# Evangelism to 3rd-6th Grade Girls



## Romans922 (Feb 1, 2007)

How would you proclaim the gospel to 3rd-6th grade girls (some of whom come from bad backgrounds of inner city life; and don't know anything about the Bible, Jesus, God, etc.; and maybe even are behind in school {so more like 1st-4th grade thinking}) in a very short amount of time?


----------



## LadyFlynt (Feb 1, 2007)

What is a short amount of time and what will be the circumstances?


----------



## Romans922 (Feb 1, 2007)

1 min. on average. My wife is going to be taking care of kids at church on wednesdays (3rd-6th grade) and she said it only gives a short time for telling individuals what the gospel is. I ask because I don't know anything about girls, or children.


----------



## LadyFlynt (Feb 1, 2007)

Okay, this is AT church and yet they don't give time for telling them the gospel??? What will they be doing?


----------



## Romans922 (Feb 1, 2007)

They have a curriculum which will go through a book of the bible, but my wife hasn't exactly taught anyone before. And she was wondering, if a girl came up to her and asked her what she meant or something of this nature; what would she say. My wife has the curriculum but I haven't looked at it yet.

Please stop attempting to critique what is going on and answer the question please (this is not trying to be rude but trying to get to the point). I am just seeking help for my wife to give her advice to help her.


----------



## LadyFlynt (Feb 1, 2007)

I wasn't critiquing you. I was trying to get a grasp of the situation so I knew HOW to answer as approach varies given the circumstances. Given that it was in church, I would presume the gospel would be presented in the curriculum...look it over and find where things in what they are studying corelates directly to the gospel message. If a girl asks her a quesstion, give a direct and honest answer...since questions will vary, I really can't predict an answer. 3rd to 6th grade girls are awesome though...don't talk down to them...they pick up on things very well. I taught history to this age group, they are very conversational at this stage.

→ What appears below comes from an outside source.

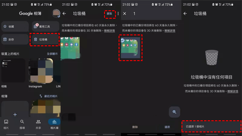 方法2、從Google相簿中救回遺失的照片

Maybe on of the other ladies here will have a better grasp of what you are looking for.


----------



## caddy (Feb 1, 2007)

Andrew

First, let me say that kids are very intuitive toward adults. They size you up pretty quickly. While I don't want to down play the curriculum,--which is based on God's Words, and will take care of itself--your first priority as I understand Kids is to just be open and likeable. Have fun with them, be transparent, because if your not, they will not be receptive. Obviously pray each day that you know you'll be working with them and just remember what it was like when you were a Kid. Who do you remember liking to be around when you were that age? Who were your favorite teachers and why? These are all pretty simple things and you already have the answers based on what you remember from being a kid. Just keep that in mind.  

I hope that helps some...

I am around Kids constantly in our Church. What a blessing to know and think we can be a positive influence on them coming to Christ!  




Romans922 said:


> They have a curriculum which will go through a book of the bible, but my wife hasn't exactly taught anyone before. And she was wondering, if a girl came up to her and asked her what she meant or something of this nature; what would she say. My wife has the curriculum but I haven't looked at it yet.
> 
> Please stop attempting to critique what is going on and answer the question please (this is not trying to be rude but trying to get to the point). I am just seeking help for my wife to give her advice to help her.


----------



## BJClark (Feb 1, 2007)

Romans



> How would you proclaim the gospel to 3rd-6th grade girls (some of whom come from bad backgrounds of inner city life; and don't know anything about the Bible, Jesus, God, etc.; and maybe even are behind in school {so more like 1st-4th grade thinking}) in a very short amount of time?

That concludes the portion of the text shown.